I'm embarrassed to admit that this is the first Boca I have had. I'm not embarrassed to report that it is one of the best wines I have ever tasted. Three days later, it is still in my taste history.

Boca is a mountainous region of Italy, northwest of the more famous Nebbiolo appellations of Barola and Barbaresco. Boca is actually the birthplace of Nebbiolo, and knowledgeable wine people are aware that the region is capable of producing great wines with exceptional ability to age. Piane is probably the top producer in this appellation, and this particular bottling contains Vespolina as well as Nebbiolo.

From the first sniff, I know I am in for a magical tasting experience. Powerful scents of rose petals, dark cherries, balsamic and iron. And on the palate, it's even better. Blackberries, cherries, minerals. Powerful fruit and enough acidic backbone to carry it for decades. But why wait? It's irresistible right now.

This was offered as a wine by the glass at Trattoria Stella in Traverse City. It is not a cheap wine, selling for $52 a bottle retail ($74 at the restaurant), but Stella was offering a three-ounce glass for $8.50. I followed it with three ounces of a Langhe Nebbiolo that was very good but could not even approach the complexity and depth of the Boca.

Saturday, June 2, 2018

Cascina Ballarin Langhe Nebbiolo, 2009

This wine is showing beautifully when I open it; yet after three and a half hours of aeration, it is still improving and growing when I take my last sip.

Amber hues of good Nebbiolo, made by a traditionalist. No barriques. Rose petals, black raspberries, balsamic. Like sniffing a very good Barolo. Coats the front teeth and the tip of the tongue with the dryness of a Barolo. Plenty of weight on the mid-palate and an exciting array of flavors on the finish. More savory than sweet. More Barolo than Barbaresco. Excellent.

Wednesday, May 30, 2018

Famille Perrin Cotes du Rhone Reserve, 2015

I figured this Cotes du Rhone might offer some of the same charm as the Pontificis from the Languedoc (below). And I was right. Tasted side by side, they are very similar. And they are both great values even though the Pontificis ($5.99) is about half the price of the CDR  ($10.49).
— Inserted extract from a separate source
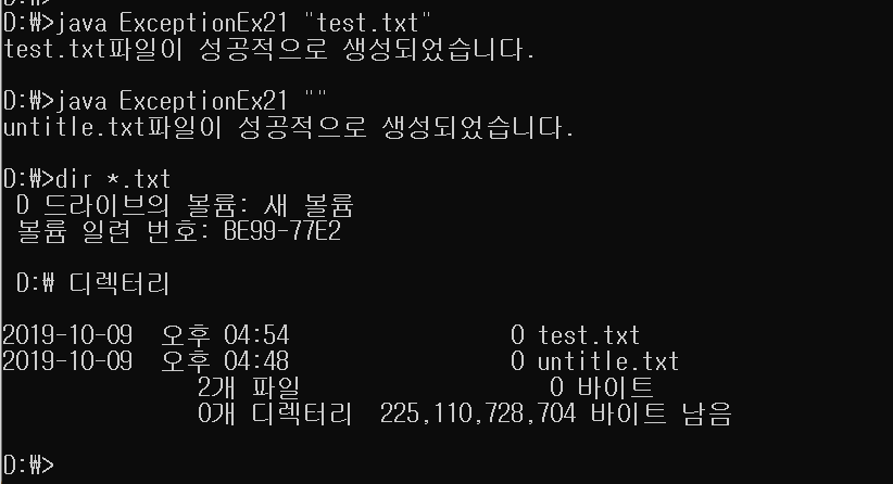 // 예외가 발생한 createFile메서드 자체 내에서 예외를 처리한다.
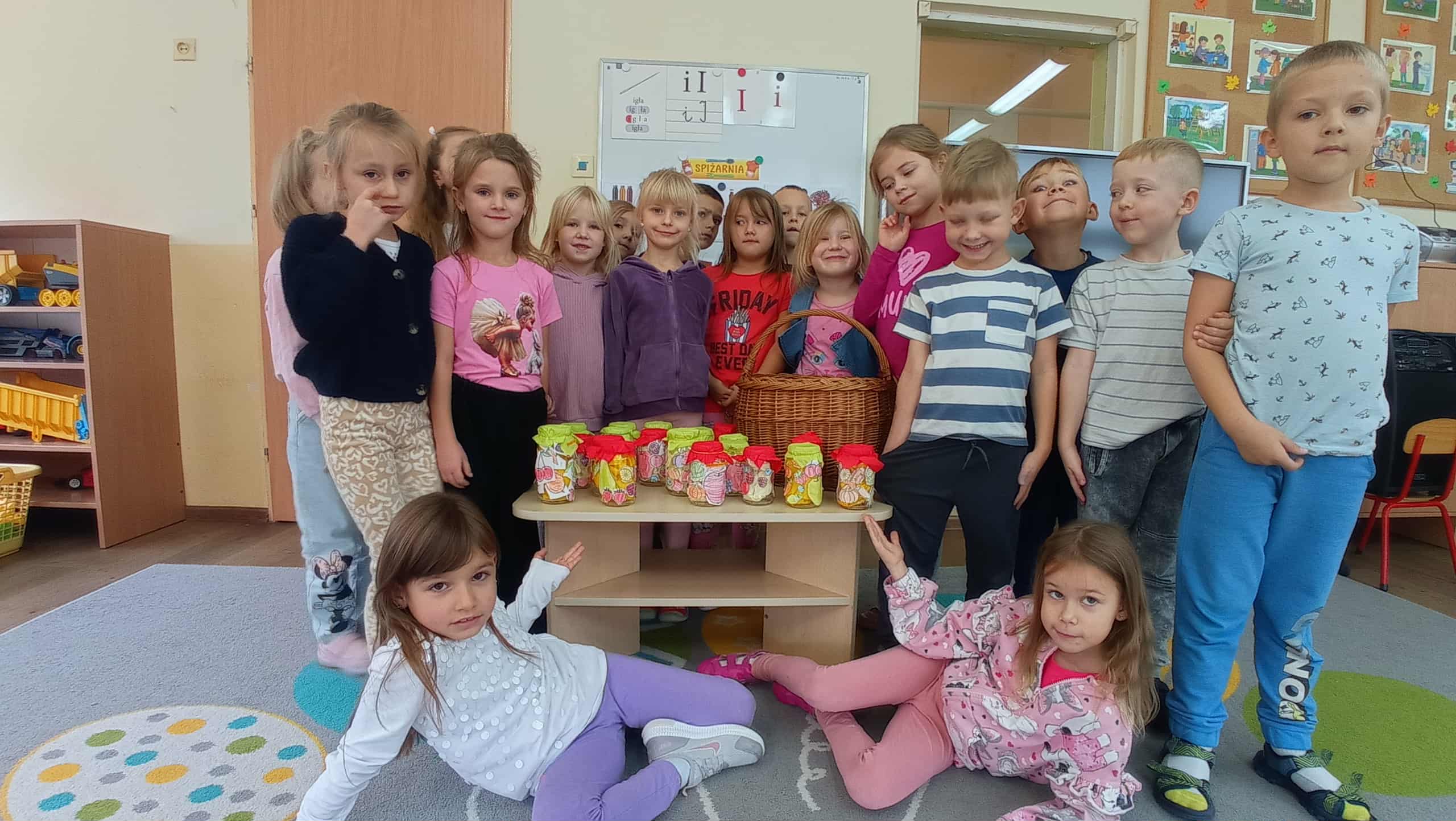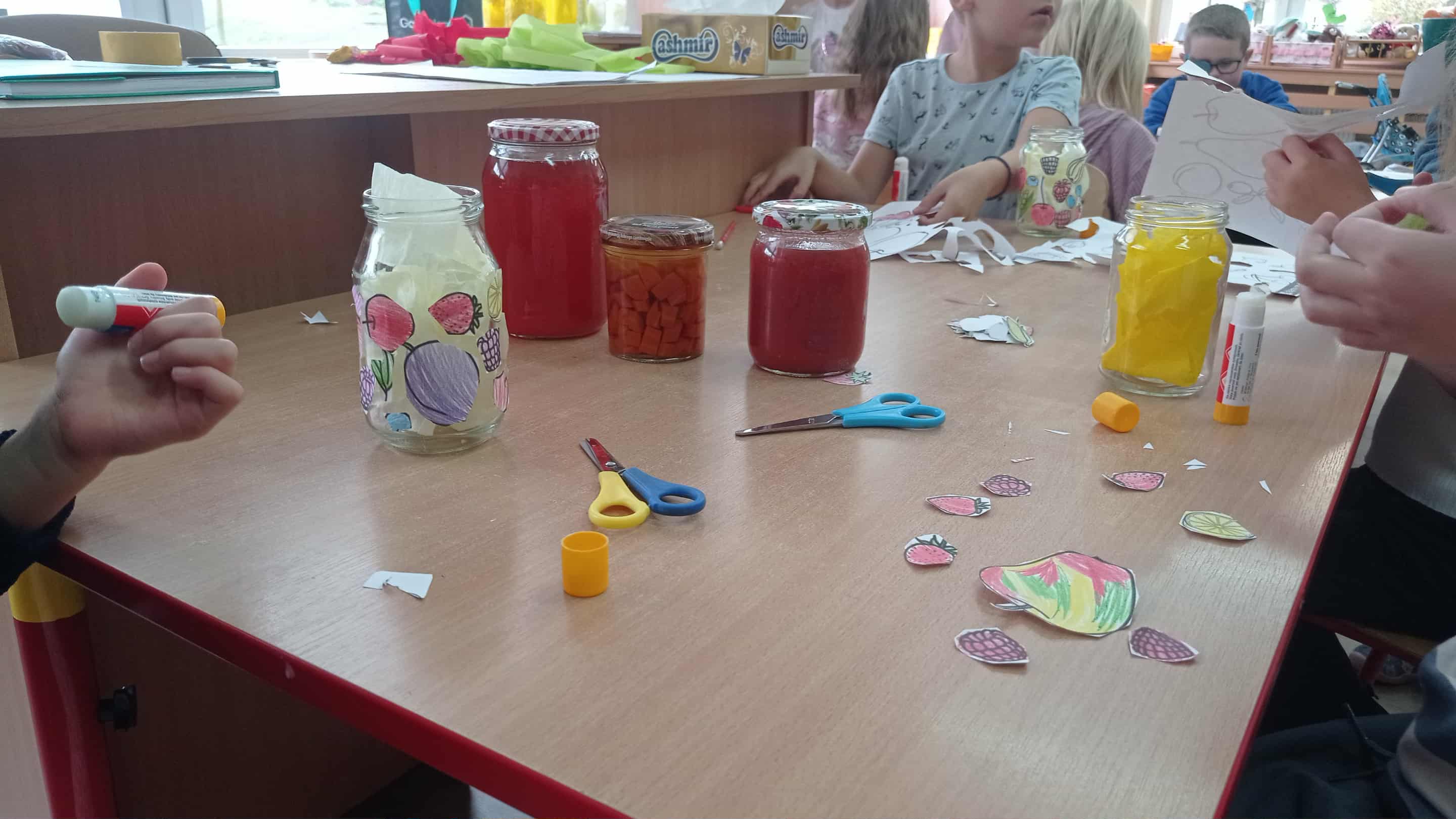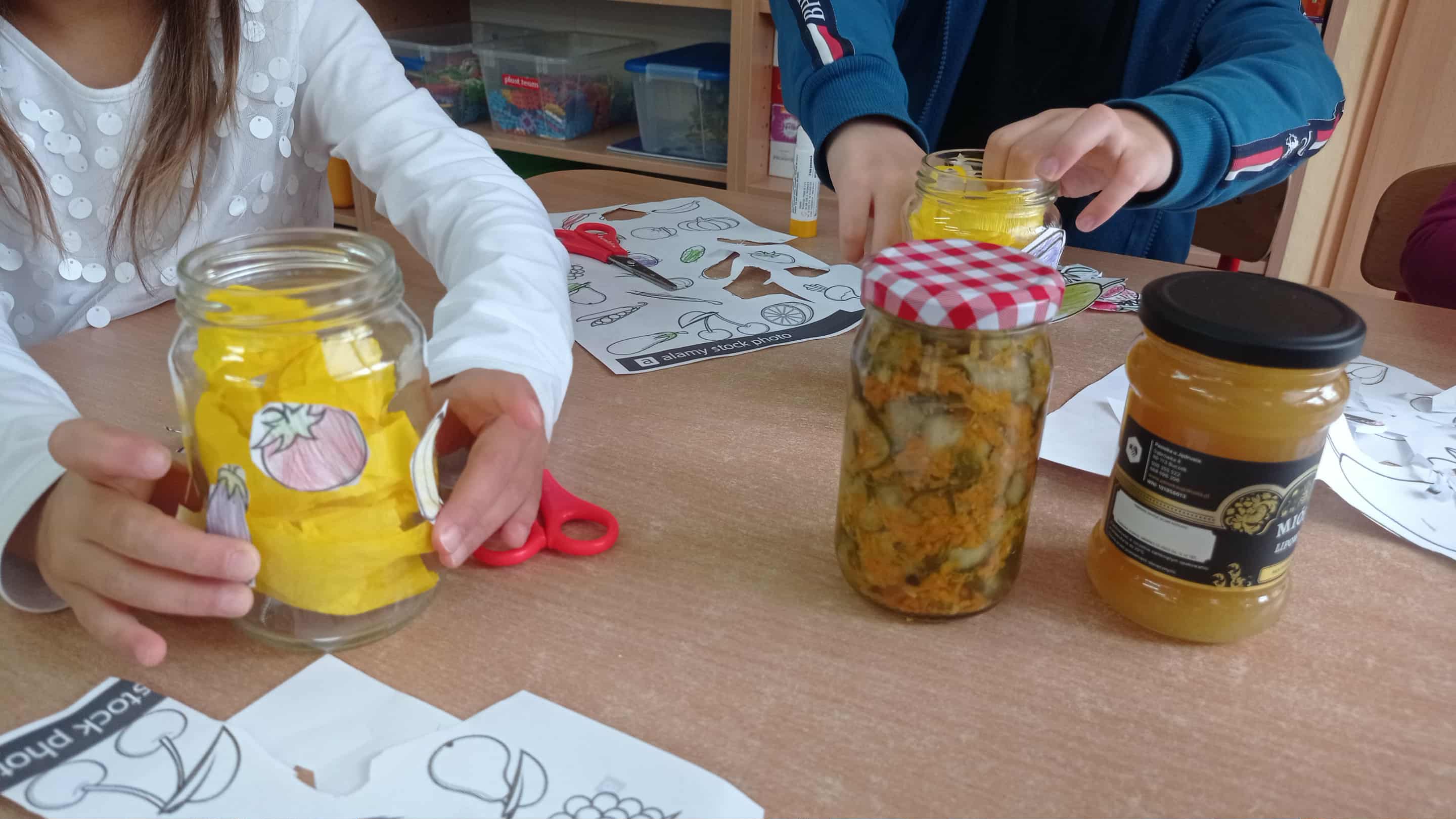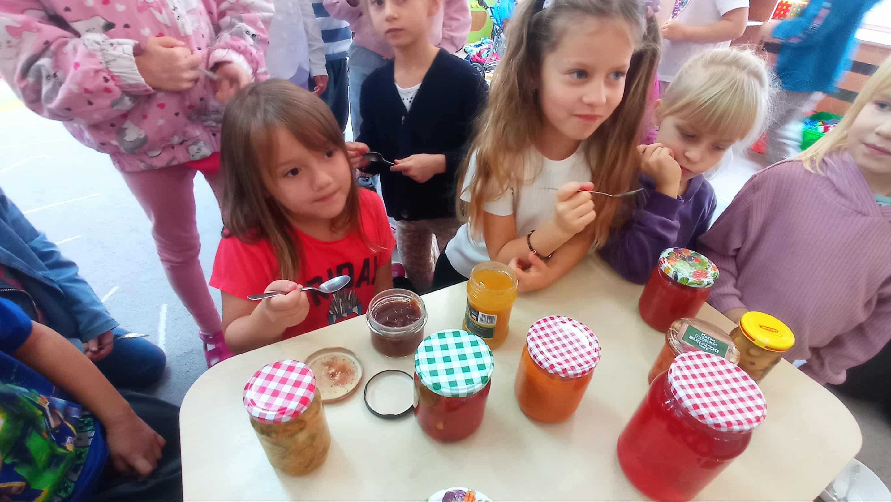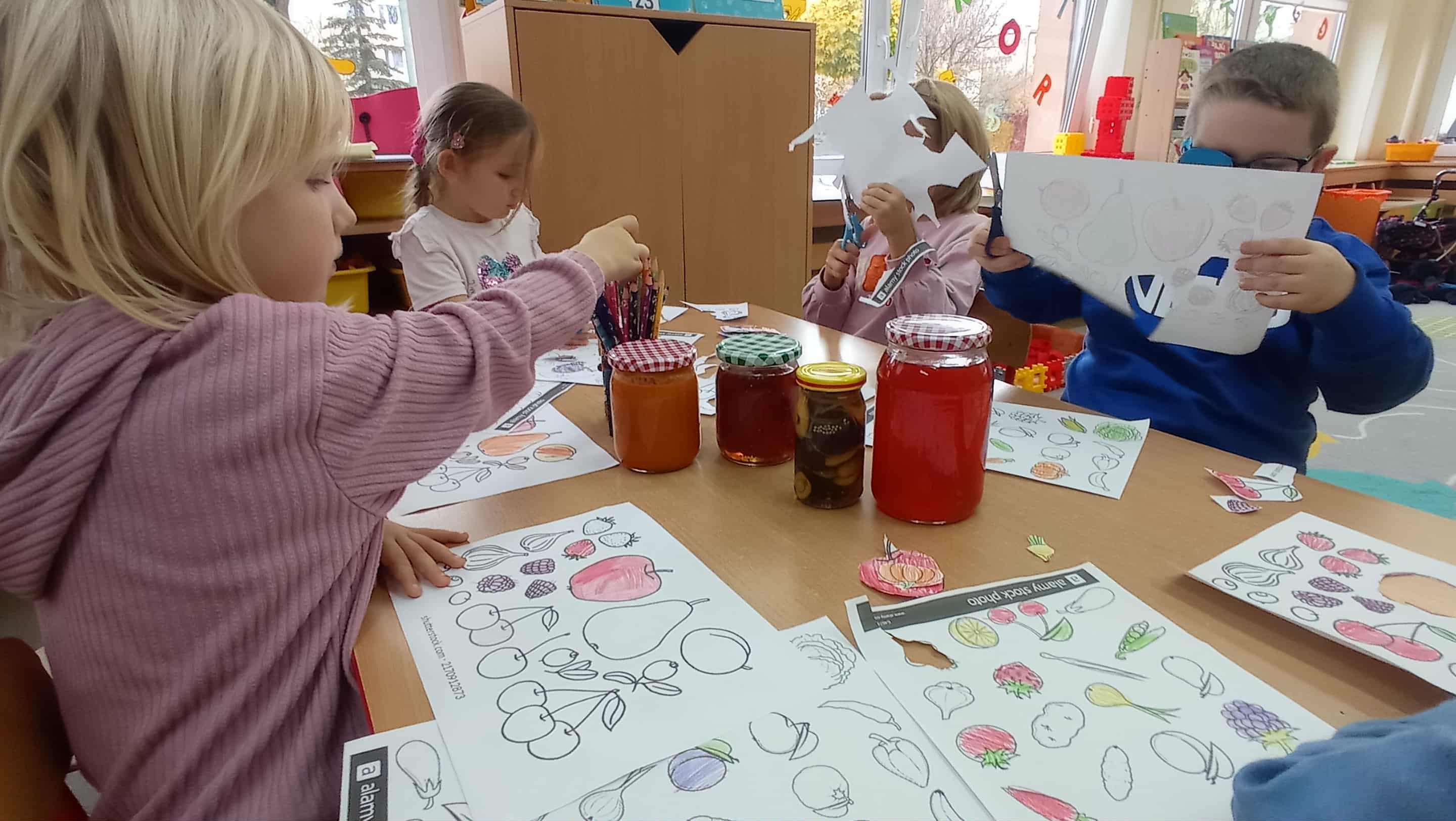 Dziś w naszym przedszkolu odbyły się wyjątkowe zajęcia. Przedszkolaki miały okazję posmakować pysznych przetworów przygotowanych z warzyw i owoców zebranych latem. Na stole pojawiły się kolorowe dżemy, kompoty, marynowane ogórki, sosy i sałatki warzywne. Dzieci z zainteresowaniem oglądały słoiczki, rozpoznawały składniki i z radością degustowały naturalne smaki lata zamknięte w słoikach. Podczas degustacji rozmawialiśmy o tym, jak powstają przetwory, dlaczego warto je robić i jakie mają wartości odżywcze. To była wspaniała lekcja o zdrowym odżywianiu, tradycjach i pracy, jaką trzeba włożyć, by zimą cieszyć się smakami lata. Dzieci wykonały własne, kolorowe słoiki z przetworami, wykorzystując słoiki, papier, bibułę, plastelinę oraz inne materiały plastyczne. W słoiczkach znalazły się soczyste owoce, warzywa i dżemy — wszystko stworzone z wyobraźni i kreatywności naszych małych artystów. To była ciekawa i twórcza zabawa, która połączyła naukę i wyobraźnię .

Both wines are blends of Grenache, Syrah and Mourvedre. And the scent of violets that makes them so attractive is part of the Mourvedre profile. Famille Perrin is a bit richer in Grenache (60%). And, as a result, the smells and flavors lean more toward strawberries than black raspberries. 2015 is a good year for wines from Southern France, and this wine is every bit as attractive right now as the Pontificis. I want more of each.

Pontificis Pays d'Oc Grenache-Syrah-Mourvedre, 2015

I have had this wine several times before, but one sniff from this bottle tells me the wine is open and ready for business. Beautiful scents of black raspberries, peppercorn and violets. I believe it's the violets that are responsible for the come-hither overtures. Beautiful. On the palate, it's even more tempting. Ripe and fruity but not simple. Acidic edge brings you back for more...and more.

Produced by the excellent Burgundian negotiant, Badet Clement, this Languedoc wine is 48% Grenache, 32% Syrah and 20% Mourvedre. At $6.99, it's probably the best value I know on the shelves of Trader Joe's.

Wednesday, May 16, 2018

Mount Langi Ghiran Langi Shiraz, 1995

From one of the best Shiraz vineyards in Australia and legendary winemaker Trevor Mast, this 1995 Langi Shiraz is showing beautifully at the moment.

The lifted minty notes in the bouquet suggest that this vintage was exposed to a greater than usual amount of new American oak. But this does not detract from the wine's overall charms and may even be an asset. The oak scents are nicely integrated into more traditional smells of black currants, black olives and peppercorn. Reminds me a lot of Jaboulet's Domaine Thalabert, one of my favorite Syrah wines. Rich but not at all heavy on the mid palate. And the finish sings. At least at this stage, I think I prefer this 1995 to the very good 1997 Langi Shiraz.